═══ INFORMATION SHOWN

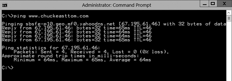 You can see in Figure 1-3 that a 32-byte echo packet was sent to the destination and returned. The TTL item means time to live. That time unit is how many intermediary steps, or hops, the packet should take to the destination before giving up. Remember that the Internet is a vast conglomerate of interconnected networks. Your packet probably won’t go straight to its destination. It will have to take several hops to get there. As with ipconfig, you can type in ping -? to find out various ways you can refine your ping.
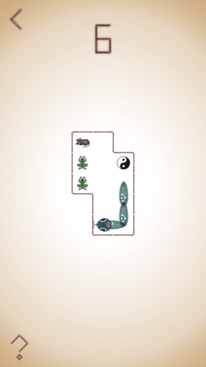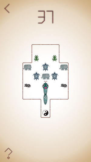 一款灵感来源于贪吃蛇和推箱子的益智解谜游戏 在方格中一步一步移动贪吃蛇,吃掉所有其他动物。和贪吃蛇一样,每吃掉一个动物,蛇就会变长一格。吃光所有动物并到达出口,就可以获得胜利。 *规则来源于经典游戏贪吃蛇和推箱子,简单易懂,5秒上手 *将剪纸与皮影戏结合,独创的清新中国风画面 *老鼠、青蛙、螳螂、大象、乌龟,五种不同效果的动物,与蛇巧妙互动 *还有一个压轴元素,与五种动物都有精妙的联系 *一共50个精巧设计的关卡,每关都有独特之处,绝无雷同的体验 *自带免费无冷却的提示功能,可以随意使用 *追求极简风格,整个游戏只有4个按钮,几乎没有文字
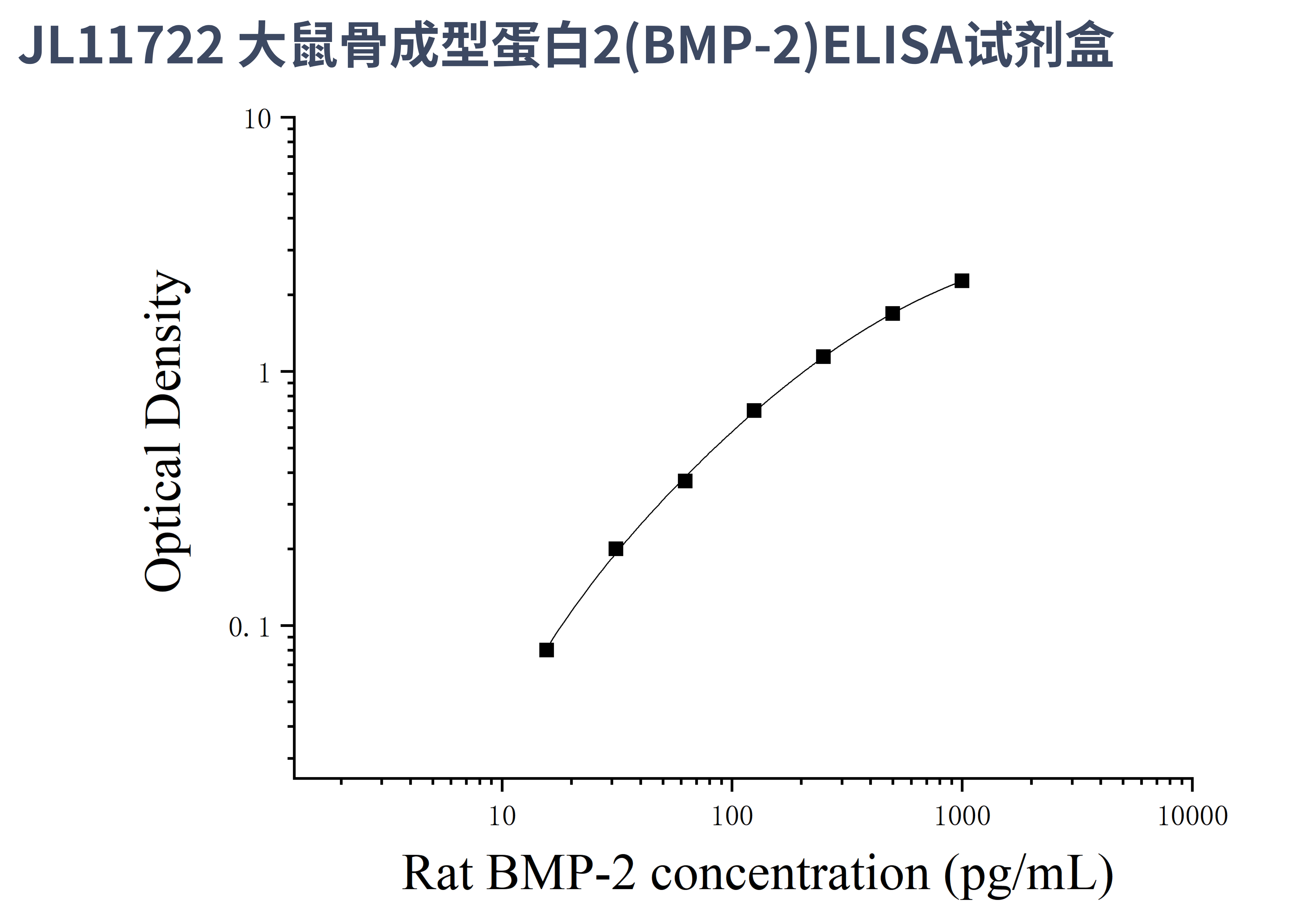 由于实验操作条件的不同( 如操作者、移液技术、洗板技术和稳定条件等),标准曲线的OD值会有所差异。以下数据和曲线仅供参考,实验者需根据自己的实验建立标准曲线。

══════

Copy all of the data above exactly. Leave out every picture.

RESPONSE FOR THIS EXERCISE
 You can see in Figure 1-3 that a 32-byte echo packet was sent to the destination and returned. The TTL item means time to live. That time unit is how many intermediary steps, or hops, the packet should take to the destination before giving up. Remember that the Internet is a vast conglomerate of interconnected networks. Your packet probably won’t go straight to its destination. It will have to take several hops to get there. As with ipconfig, you can type in ping -? to find out various ways you can refine your ping.
 一款灵感来源于贪吃蛇和推箱子的益智解谜游戏 在方格中一步一步移动贪吃蛇,吃掉所有其他动物。和贪吃蛇一样,每吃掉一个动物,蛇就会变长一格。吃光所有动物并到达出口,就可以获得胜利。 *规则来源于经典游戏贪吃蛇和推箱子,简单易懂,5秒上手 *将剪纸与皮影戏结合,独创的清新中国风画面 *老鼠、青蛙、螳螂、大象、乌龟,五种不同效果的动物,与蛇巧妙互动 *还有一个压轴元素,与五种动物都有精妙的联系 *一共50个精巧设计的关卡,每关都有独特之处,绝无雷同的体验 *自带免费无冷却的提示功能,可以随意使用 *追求极简风格,整个游戏只有4个按钮,几乎没有文字
 由于实验操作条件的不同( 如操作者、移液技术、洗板技术和稳定条件等),标准曲线的OD值会有所差异。以下数据和曲线仅供参考,实验者需根据自己的实验建立标准曲线。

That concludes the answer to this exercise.